What to produce. Exercise in exact copying: restate word for word only the lines below from the one containing "Interesting Old Course" through the one containing "Σύμφωνα με τις", omitting any pictures.

Extracted material.

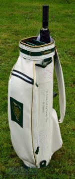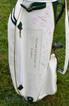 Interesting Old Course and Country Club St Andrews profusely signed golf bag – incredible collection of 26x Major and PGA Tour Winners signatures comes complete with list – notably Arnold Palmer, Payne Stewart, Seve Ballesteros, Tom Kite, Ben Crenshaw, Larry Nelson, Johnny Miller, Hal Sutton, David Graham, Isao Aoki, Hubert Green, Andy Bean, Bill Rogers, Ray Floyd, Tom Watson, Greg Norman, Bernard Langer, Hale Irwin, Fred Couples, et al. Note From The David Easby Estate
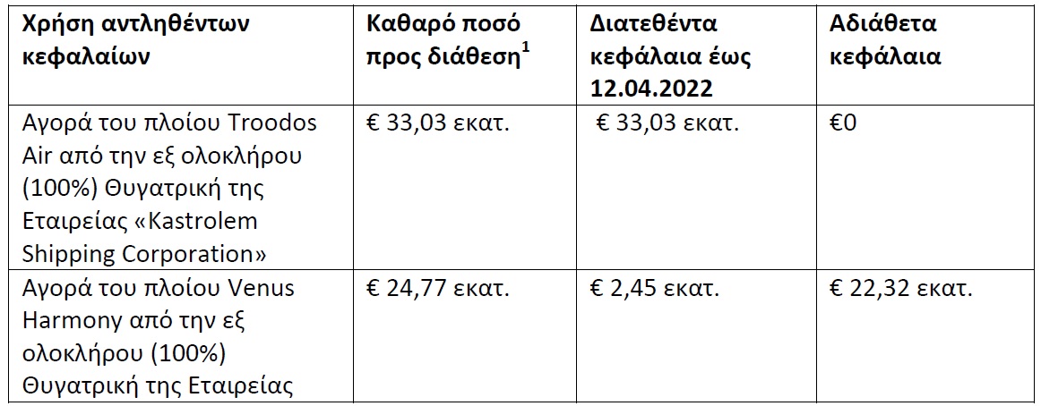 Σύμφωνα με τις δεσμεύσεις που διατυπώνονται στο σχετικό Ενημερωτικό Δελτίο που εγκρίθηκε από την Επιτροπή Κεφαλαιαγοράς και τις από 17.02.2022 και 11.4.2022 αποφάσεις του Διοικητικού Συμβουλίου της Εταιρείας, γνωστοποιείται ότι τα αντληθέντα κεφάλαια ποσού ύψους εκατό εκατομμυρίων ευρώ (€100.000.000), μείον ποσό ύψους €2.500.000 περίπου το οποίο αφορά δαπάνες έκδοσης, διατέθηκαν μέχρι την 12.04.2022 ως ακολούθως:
---
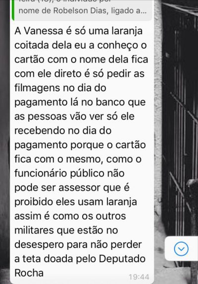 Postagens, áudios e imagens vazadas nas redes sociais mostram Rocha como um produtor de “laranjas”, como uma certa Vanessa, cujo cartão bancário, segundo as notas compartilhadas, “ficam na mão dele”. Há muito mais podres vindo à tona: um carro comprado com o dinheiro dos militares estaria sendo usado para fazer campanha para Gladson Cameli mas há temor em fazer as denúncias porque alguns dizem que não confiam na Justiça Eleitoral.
==
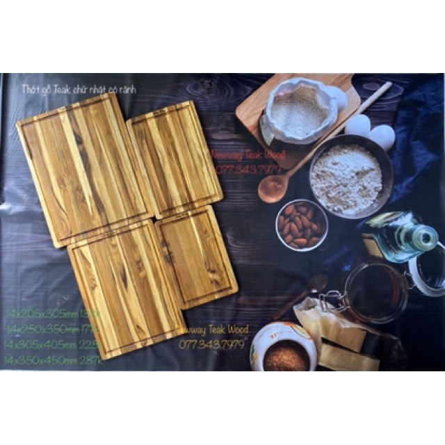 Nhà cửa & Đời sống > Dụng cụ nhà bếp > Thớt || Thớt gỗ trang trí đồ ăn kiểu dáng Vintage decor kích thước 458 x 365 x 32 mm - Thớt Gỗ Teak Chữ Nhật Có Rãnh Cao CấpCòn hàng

Response.
 Interesting Old Course and Country Club St Andrews profusely signed golf bag – incredible collection of 26x Major and PGA Tour Winners signatures comes complete with list – notably Arnold Palmer, Payne Stewart, Seve Ballesteros, Tom Kite, Ben Crenshaw, Larry Nelson, Johnny Miller, Hal Sutton, David Graham, Isao Aoki, Hubert Green, Andy Bean, Bill Rogers, Ray Floyd, Tom Watson, Greg Norman, Bernard Langer, Hale Irwin, Fred Couples, et al. Note From The David Easby Estate
 Σύμφωνα με τις δεσμεύσεις που διατυπώνονται στο σχετικό Ενημερωτικό Δελτίο που εγκρίθηκε από την Επιτροπή Κεφαλαιαγοράς και τις από 17.02.2022 και 11.4.2022 αποφάσεις του Διοικητικού Συμβουλίου της Εταιρείας, γνωστοποιείται ότι τα αντληθέντα κεφάλαια ποσού ύψους εκατό εκατομμυρίων ευρώ (€100.000.000), μείον ποσό ύψους €2.500.000 περίπου το οποίο αφορά δαπάνες έκδοσης, διατέθηκαν μέχρι την 12.04.2022 ως ακολούθως:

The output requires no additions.